Так-с, а это неожиданный поворот. — соображал я, лихорадочно переваривая полученную информацию. Честно говоря, каюсь: была у меня мысль попытаться если не убить, то свести с ума моего братца. Я даже продумывал вариант, навеянный прекрасным советском фильме «Миллион вбрачной корзине», когда якобы убитый слуга, является к своему убийце, дабы свести оного с ума и тем самым лишить право на наследство. Но Бог миловал, эту опасную мыслишку сумел задавить, что называется в зародыше, да и состояние моей маМА, не позволяло подвергать её новым жестоким испытаниям. А в свете последних весьма непростых договорённостей, такой вариант вообще невозможен и более того, он крайне опасен.

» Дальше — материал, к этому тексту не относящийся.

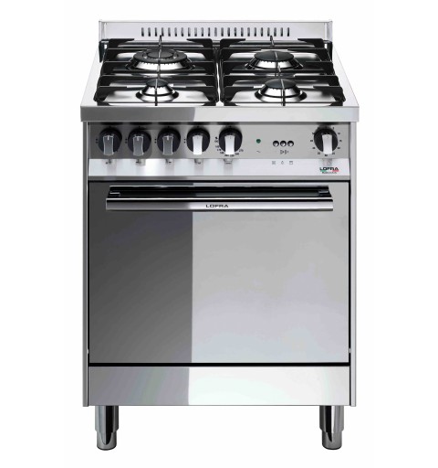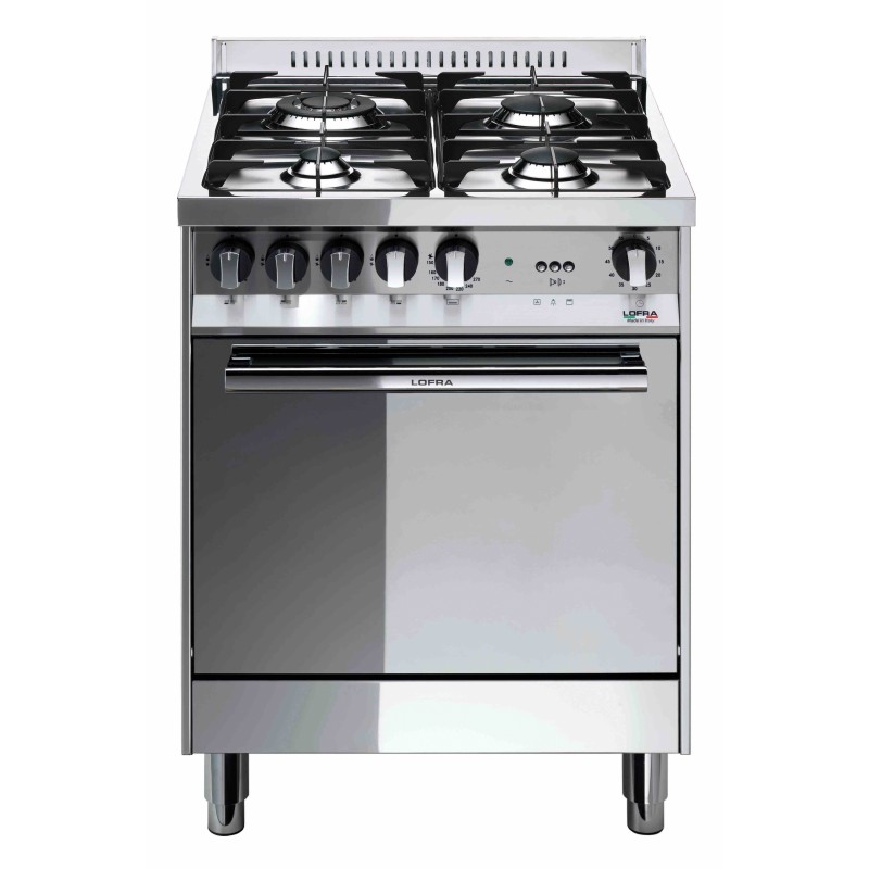 Lofra M66GV/C. Product type: Freestanding cooker, Colour of product: Stainless steel, Control type: Rotary. Hob type: Gas, Top surface type: Stainless steel, Pan support material: Cast iron. Oven size: Medium, Oven power source: Gas, Oven gross capacity: 66 L. Timer type: Mechanical. Energy efficiency class: A, Energy consumption (conventional): 1.74 kWh

Все эти размышления заняли всего лишь несколько секунд, после чего я встал. Мой визави практически синхронно повторил моё движение, после чего я негромко, но тоном с нотками торжественности начал: господин генерального штаба подполковник, примите слова благодарности от Соправителя трона Российской империи и просто от Александра Михайловича Романова, который доверил вам надзор за лечением моего брата. Ибо его неожиданная смерть или сумасшествие сыграло бы на руку врагам России в их намерениях раздуть пламя новой смуты. Затем мы пожали друг другу руки и вновь присели. Желая окончательно разрядить обстановку, я воспользовался оставшейся на столе после чаепития бутылкой коньяка и плеснув в два стакана грамм по сто пятьдесят сосудорасширяющего средства и передвинув один из них поближе к Вешинскому, произнёс: «За Россию»! Приняв сие лекарство и заев его долькой лимона, посыпанного шоколадом, уже обычным дружеским тоном спросил: что будем делать, Михаил Илларионович?